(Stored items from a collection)
******************************

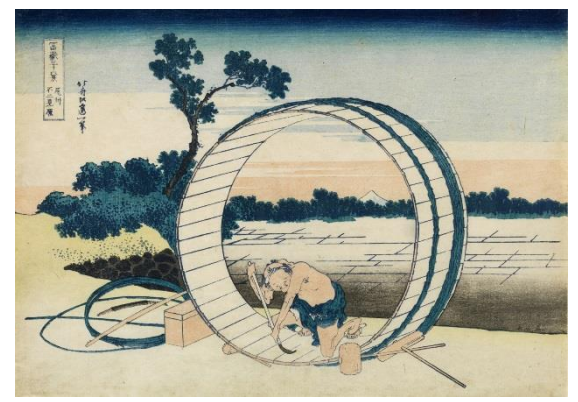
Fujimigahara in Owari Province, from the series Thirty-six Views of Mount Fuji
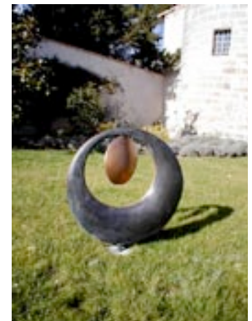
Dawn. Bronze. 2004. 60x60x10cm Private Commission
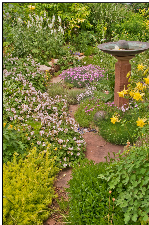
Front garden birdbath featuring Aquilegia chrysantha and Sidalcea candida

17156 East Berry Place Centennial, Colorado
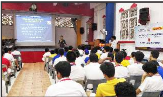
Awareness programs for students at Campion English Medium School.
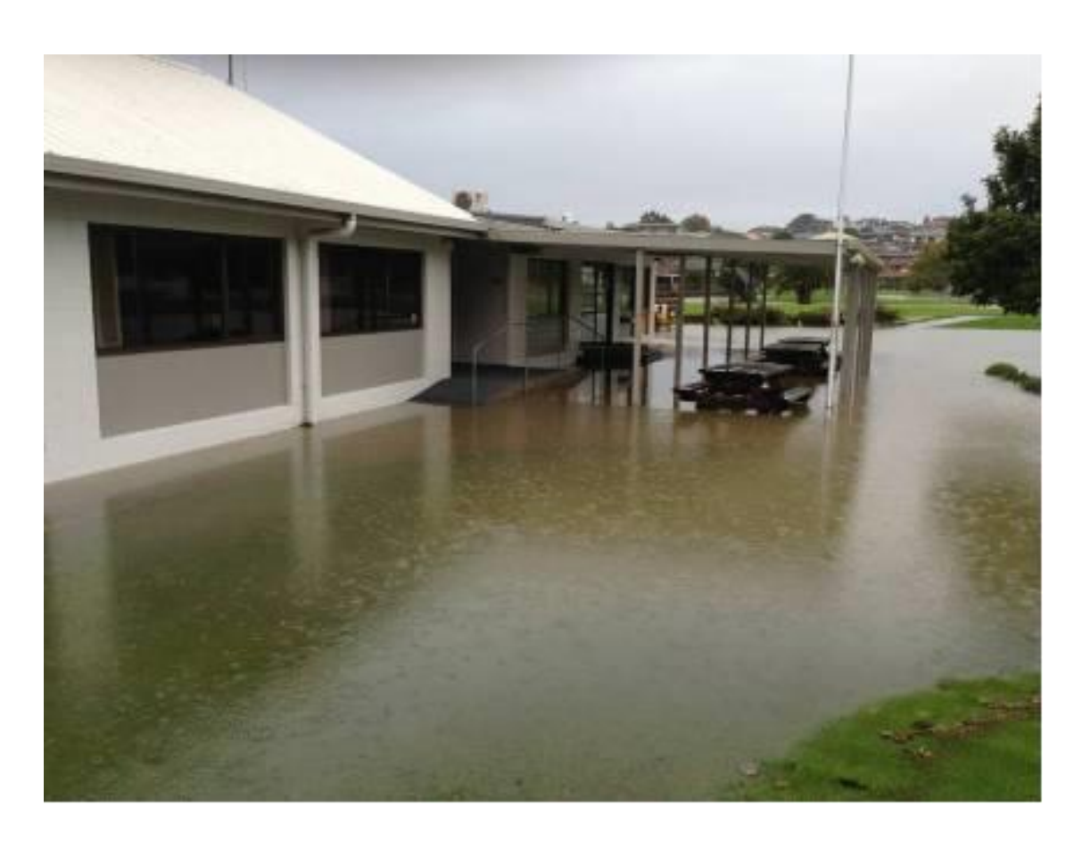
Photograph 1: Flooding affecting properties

******************************

Exercise requirements:
Starting at the line that contains "Dawn. Bronze. 2004." and ending with the last line of the data, transcribe every line exactly; skip the pictures.

Result of this exercise:
Dawn. Bronze. 2004. 60x60x10cm Private Commission
Front garden birdbath featuring Aquilegia chrysantha and Sidalcea candida

17156 East Berry Place Centennial, Colorado
Awareness programs for students at Campion English Medium School.
Photograph 1: Flooding affecting properties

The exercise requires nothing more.